What you have to do
Your task is to copy exactly the lines from the line containing "any special occasion." through the end of the listing below, with pictures left out.

Data section
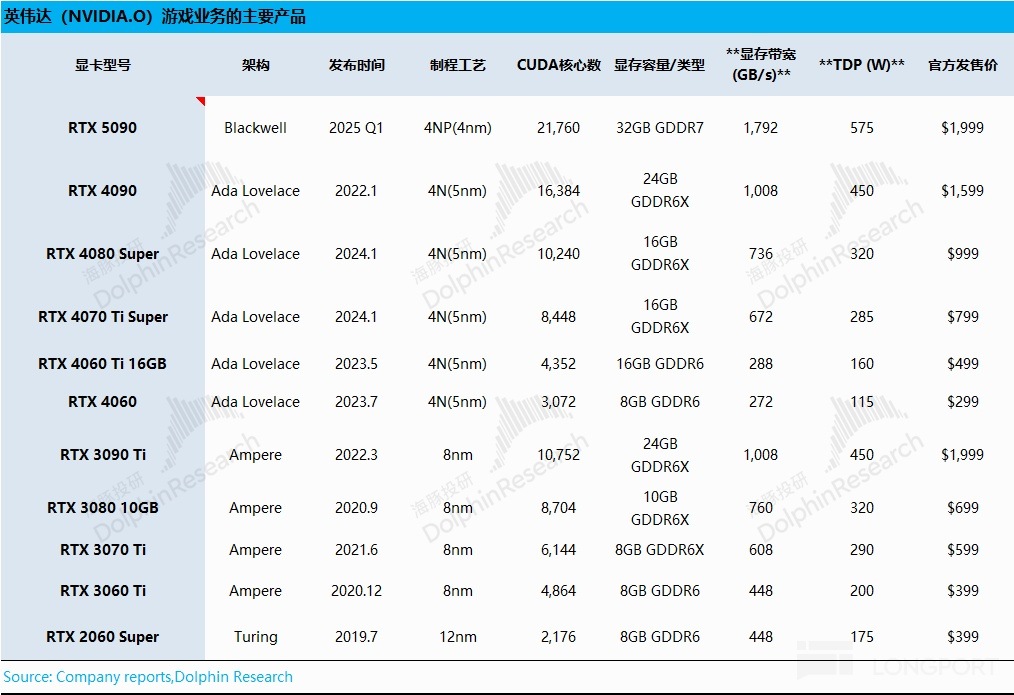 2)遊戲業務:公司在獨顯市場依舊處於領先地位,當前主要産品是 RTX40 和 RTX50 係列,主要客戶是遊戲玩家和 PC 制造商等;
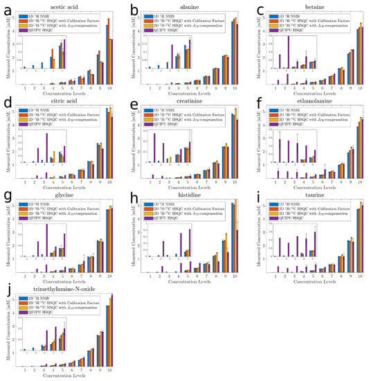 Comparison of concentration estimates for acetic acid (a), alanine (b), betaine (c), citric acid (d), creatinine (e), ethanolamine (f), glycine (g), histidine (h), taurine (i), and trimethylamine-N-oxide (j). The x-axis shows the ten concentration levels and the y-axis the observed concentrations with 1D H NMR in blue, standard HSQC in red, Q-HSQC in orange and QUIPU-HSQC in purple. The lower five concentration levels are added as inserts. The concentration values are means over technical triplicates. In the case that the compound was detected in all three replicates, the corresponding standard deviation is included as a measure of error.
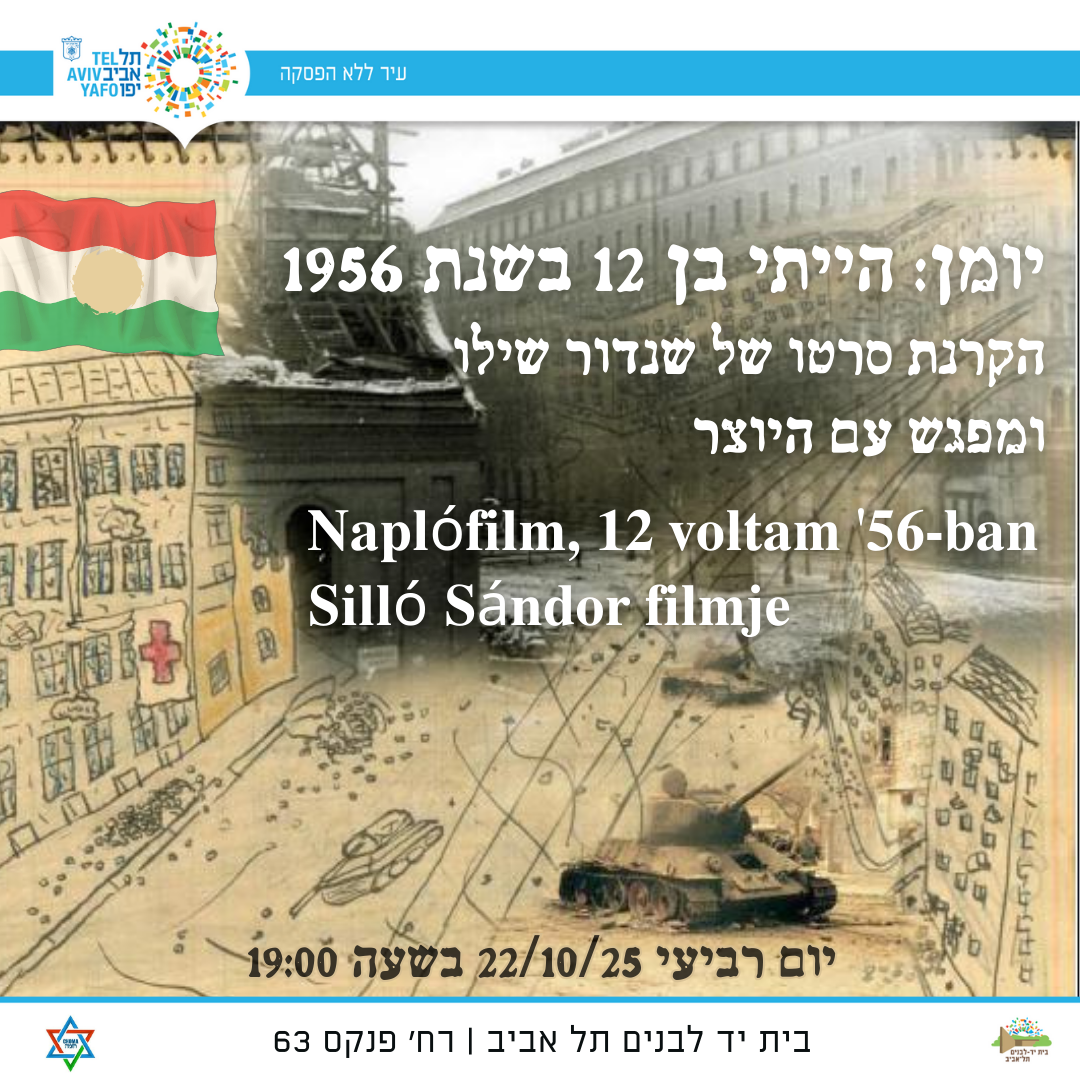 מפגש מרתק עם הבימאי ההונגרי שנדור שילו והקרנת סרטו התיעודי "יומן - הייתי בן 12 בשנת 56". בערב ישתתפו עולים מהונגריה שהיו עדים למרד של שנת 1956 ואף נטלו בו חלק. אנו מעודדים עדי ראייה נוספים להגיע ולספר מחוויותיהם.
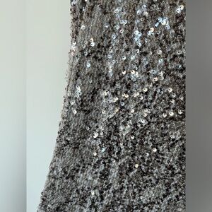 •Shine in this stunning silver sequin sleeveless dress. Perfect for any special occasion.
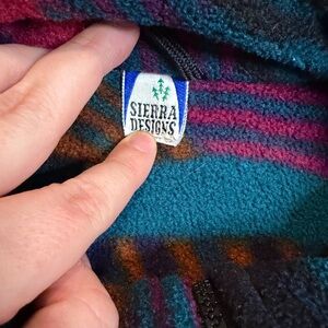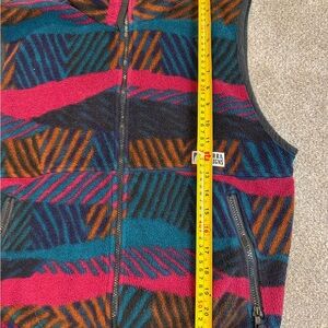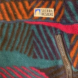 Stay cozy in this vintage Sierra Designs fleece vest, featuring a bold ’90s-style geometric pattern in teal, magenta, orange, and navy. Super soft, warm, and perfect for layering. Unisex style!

Task result
 •Shine in this stunning silver sequin sleeveless dress. Perfect for any special occasion.
 Stay cozy in this vintage Sierra Designs fleece vest, featuring a bold ’90s-style geometric pattern in teal, magenta, orange, and navy. Super soft, warm, and perfect for layering. Unisex style!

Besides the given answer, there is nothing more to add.